Transcribe every entry below word for word, but skip the pictures.
*** Given entries ***
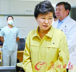 今年6月14日,朴槿惠前往首尔大学医院MERS隔离病房视察。
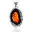 925 Sterling Silver & Genuine Cognac Baltic Amber Exlusive Unique Pendant - PD2572
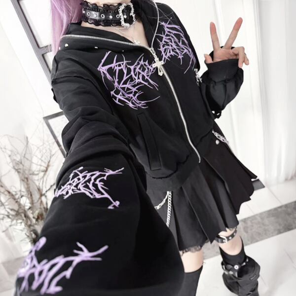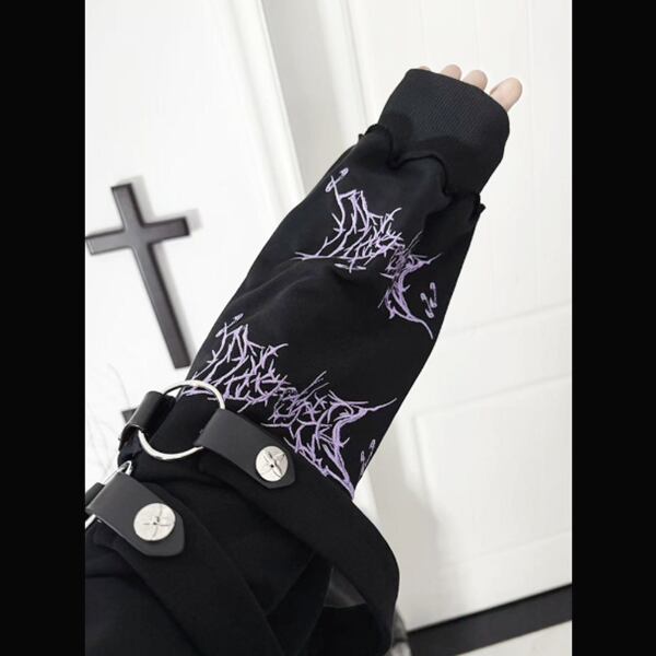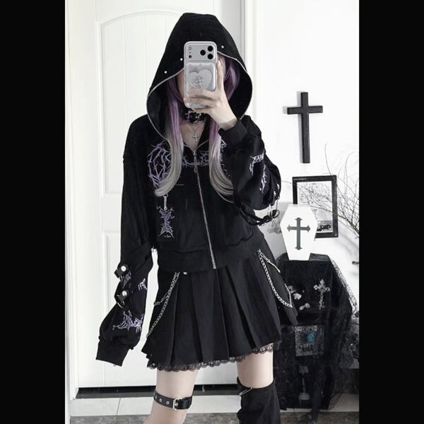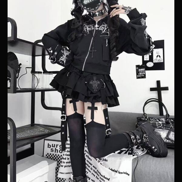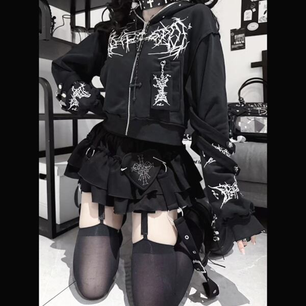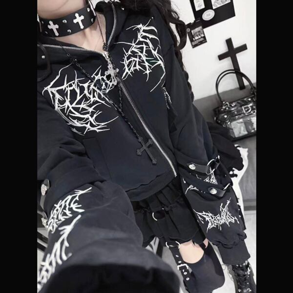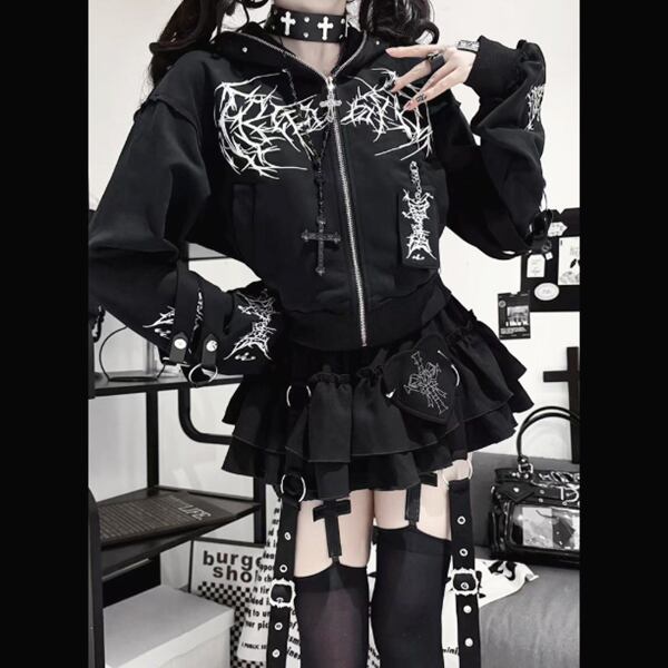 スタッズ×刺繍 スリーブストラップクロップドジップパーカー(2タイプあり)(lli_6835)
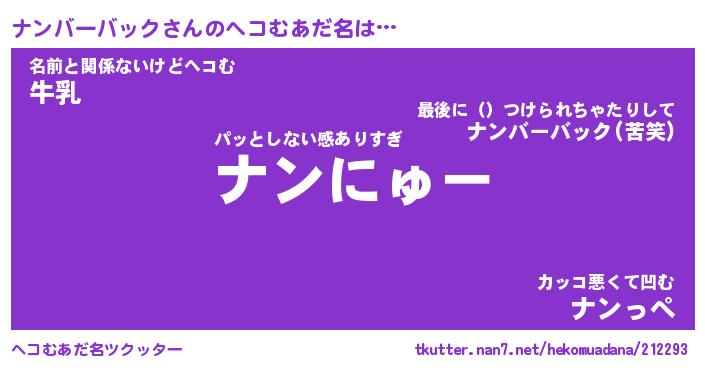 | 男性向けラノベタイトル風あだ名 | 『ナンバーバックの憂鬱』 |
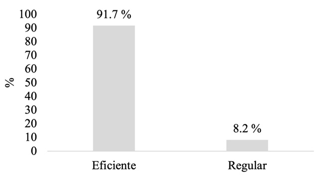 Además, la mayoría presentó PPIRA eficientes (91.7 %), mientras que solo 8.2 % de las madres o cuidadoras principales de niños menores de cinco años mostró un nivel regular, (Figura 1).
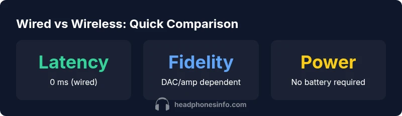Wired headphones deliver a direct signal path, which typically means minimal processing during playback and lower latency. For listeners who demand precise timing in gaming, studio referencing, or critical listening, a wired connection can preserve micro-contrast and transient detail that may be smoothed over by wireless codecs. On the other hand, wireless headphones offer convenience, portability, and motion-free operation, aided by modern codecs like AAC, aptX, or LDAC. The quality gap between wired and wireless can vary by model, DAC/amp hardware, and the source. Headphones Info analysis suggests that a high-quality DAC/amp paired with a wired headphone often preserves dynamic range and tonal accuracy better than many budget wireless setups. The decision comes down to use case: if latency, consistency, and fidelity are priorities, wired wins; if you prioritize freedom of movement and fewer cables, wireless has the edge.
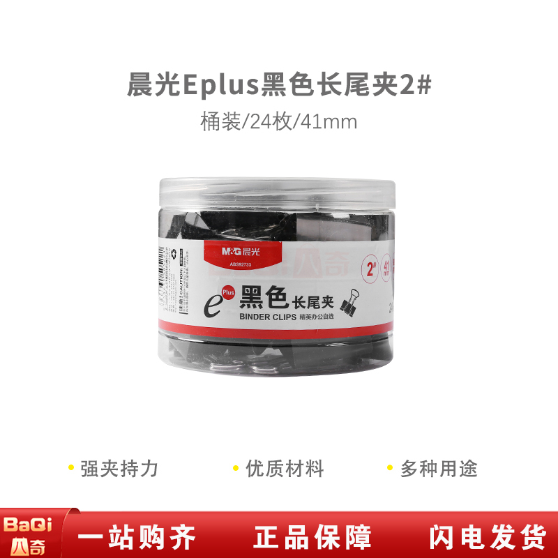 商品名称:晨光ABS92733 黑色长尾夹 41mm 大号金属票据夹 办公燕尾夹(24枚/筒)
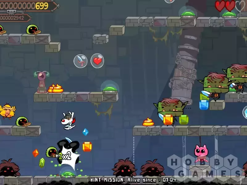 Защищайте котенка от похитителей всеми силами! Прыгайте на них сверху, жгите, замораживайте, колите, взрывайте... Мы же говорили, что Poöf пойдет на все, чтобы спасти столь ценного кота. Кроме того, вы сможете управлять временем и замедлять его в особо опасные моменты. Готовы к сражению? Захватчики уже совсем близко!
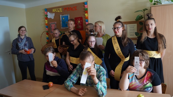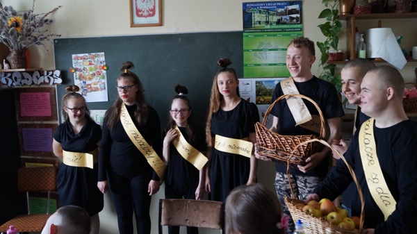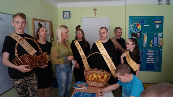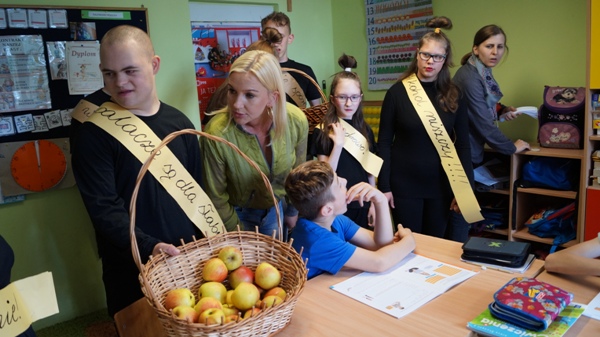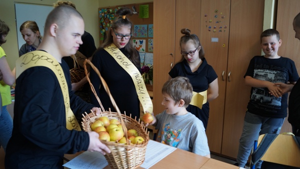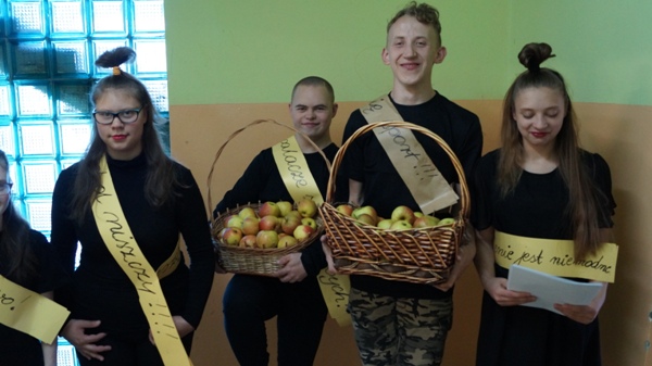 W poniedziałek do naszych uczniów zawitali niecodzienni goście. Przedstawiając zalety zdrowego stylu życia wolnego od nałogów, częstując pysznymi jabłuszkami zaprosili do udziału w konkursie plastycznym pod hasłem „Powiedz NIE!!!”. Celem konkursu jest:
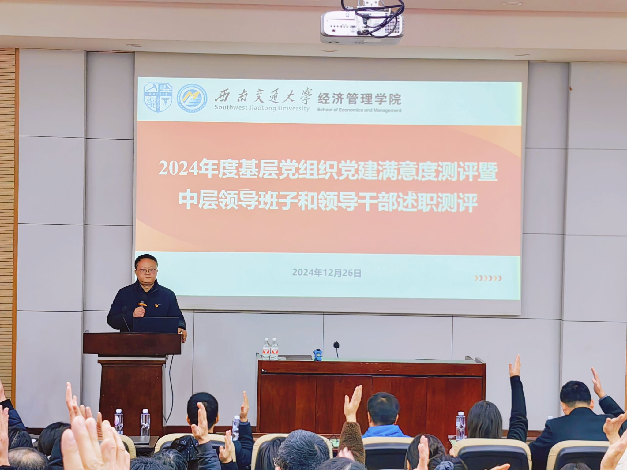 2024年12月26日下午在0215报告厅,按照学校工作部署,公司召开2024年度党建满意度测评和中层领导干部考评暨2024年双代会。公司党政领导班子全体成员、学院教职工和员工党员代表参加测评,会议由公司党委书记郭强主持。
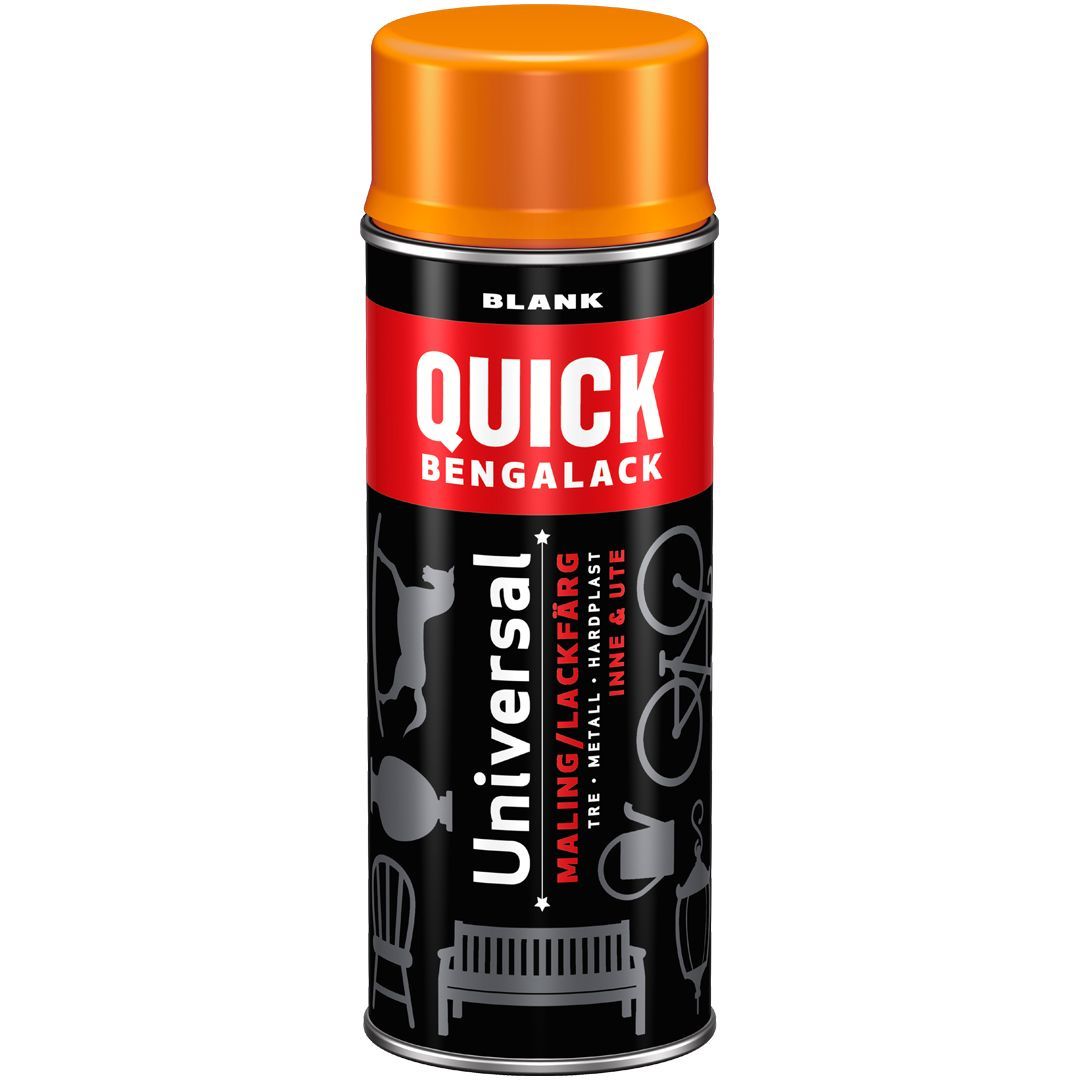 Med Quick Bengalack Spray har du påføringsverktøy og maling i ett – rist og spray! Den er utviklet til å gi en sterk og slitesterk overflate til underlag av metall, tre og hardplast – inne som ute. Sprayen kommer i mange flott farger og er ideell når «vanskelige» gjenstander med mange krinker og kroker skal fornyes. Sprayen gir en flott, hard og silkematt overflate som tørker på 1 time! Raskt og enkelt!
***
Answer:
 今年6月14日,朴槿惠前往首尔大学医院MERS隔离病房视察。
 925 Sterling Silver & Genuine Cognac Baltic Amber Exlusive Unique Pendant - PD2572
 スタッズ×刺繍 スリーブストラップクロップドジップパーカー(2タイプあり)(lli_6835)
 | 男性向けラノベタイトル風あだ名 | 『ナンバーバックの憂鬱』 |
 Además, la mayoría presentó PPIRA eficientes (91.7 %), mientras que solo 8.2 % de las madres o cuidadoras principales de niños menores de cinco años mostró un nivel regular, (Figura 1).
Wired headphones deliver a direct signal path, which typically means minimal processing during playback and lower latency. For listeners who demand precise timing in gaming, studio referencing, or critical listening, a wired connection can preserve micro-contrast and transient detail that may be smoothed over by wireless codecs. On the other hand, wireless headphones offer convenience, portability, and motion-free operation, aided by modern codecs like AAC, aptX, or LDAC. The quality gap between wired and wireless can vary by model, DAC/amp hardware, and the source. Headphones Info analysis suggests that a high-quality DAC/amp paired with a wired headphone often preserves dynamic range and tonal accuracy better than many budget wireless setups. The decision comes down to use case: if latency, consistency, and fidelity are priorities, wired wins; if you prioritize freedom of movement and fewer cables, wireless has the edge.
 商品名称:晨光ABS92733 黑色长尾夹 41mm 大号金属票据夹 办公燕尾夹(24枚/筒)
 Защищайте котенка от похитителей всеми силами! Прыгайте на них сверху, жгите, замораживайте, колите, взрывайте... Мы же говорили, что Poöf пойдет на все, чтобы спасти столь ценного кота. Кроме того, вы сможете управлять временем и замедлять его в особо опасные моменты. Готовы к сражению? Захватчики уже совсем близко!
 W poniedziałek do naszych uczniów zawitali niecodzienni goście. Przedstawiając zalety zdrowego stylu życia wolnego od nałogów, częstując pysznymi jabłuszkami zaprosili do udziału w konkursie plastycznym pod hasłem „Powiedz NIE!!!”. Celem konkursu jest:
 2024年12月26日下午在0215报告厅,按照学校工作部署,公司召开2024年度党建满意度测评和中层领导干部考评暨2024年双代会。公司党政领导班子全体成员、学院教职工和员工党员代表参加测评,会议由公司党委书记郭强主持。
 Med Quick Bengalack Spray har du påføringsverktøy og maling i ett – rist og spray! Den er utviklet til å gi en sterk og slitesterk overflate til underlag av metall, tre og hardplast – inne som ute. Sprayen kommer i mange flott farger og er ideell når «vanskelige» gjenstander med mange krinker og kroker skal fornyes. Sprayen gir en flott, hard og silkematt overflate som tørker på 1 time! Raskt og enkelt!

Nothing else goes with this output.